Memberium Expert on the Best Ways to Organize Your Content
What does this mean for a subject matter expert looking to sell their knowledge as a membership or online course? It means that you have to build content prioritizing how it connects with your perspectives buyers. They are looking to solve a problem. They aren't looking to learn everything about our topic, but just enough to address their issue.
I like to think about our content as a river. That's where the bulk or the meat of our content lives. We then have these small streams or tributaries that flow into it. As a subject matter expert, our perspective is the river. Where we should start and where we need to focus our time, attention and effort is on the tributaries. I find that most site builders do NOT focus enough on this.
You must ask yourself, "What part of my course material addresses a very real problem someone wants solved?" Those answers become your tributaries.
Think of this like building a landing our sales page. You need a title or a headline aimed at attracting perspective clients. We then need a course, probably a mini-course, the customer gets when they purchase from that sales page.
I recommend this first course run 30 to 90 days. You want it to be short. It's a set of lessons that give members a concrete win in under three months. When they complete the mini-course, you introduce them to a larger river of content. It can a catalogue consisting of several rivers each addressing different topics the member would want to learn next.
What you have to remember is that the member is now convinced you are the right expert for them. They are confident that your way of teaching works for them. The next sales is natural because you have established credibility.
Memberium Expert Explains Via an Example
Let's consider a course on learning to play pickle ball. I don't play pickleball (yet), but it's popular, so let's use that in our example.
A course on pickleball could be pretty extensive teaching all aspects of the game. The bulk of the content is what I refer to as the river part of your course content. Let's consider the tributaries. What sales page titles could we use that would target potential customers?
- The First Timer's Guide to Playing Pickleball
- Practicing Solo to Improve Your Pickleball Game
- Recruiting Friends to Form a Pickleball Playing Group
I'm using these titles only to illustrate how to organize your content, but notice that these titles are intentionally written as landing page headline. We want to attract someone that might be searching for terms like the ones we use in our titles.
The titles are aimed at solving your target audience's problem. The course to be delivered when they purchase could be a sliver of your existing river of content contains. It could be a fringe topic used to attract potential buyers.

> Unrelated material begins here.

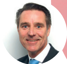
PAR FRANÇOIS PICQUEREY AGENT GÉNÉRAL AXA PRÉVOYANCE & PATRIMOINE

The point is to get a newbie into some part of our course content, deliver something concrete they consider a win and convinces them of your expertise.
Upon completing the first tributary or mini-course, they can be flowed into a larger program that keeps them learning assuming they are wanting to learn more than what they originally purchased. Now your thinking like a good instructor starts working to your advantage. You are in a position to teach them what they need to learn next and not just what they want. They should at this point be looking to you as the guide and wanting you to point them in the right direction.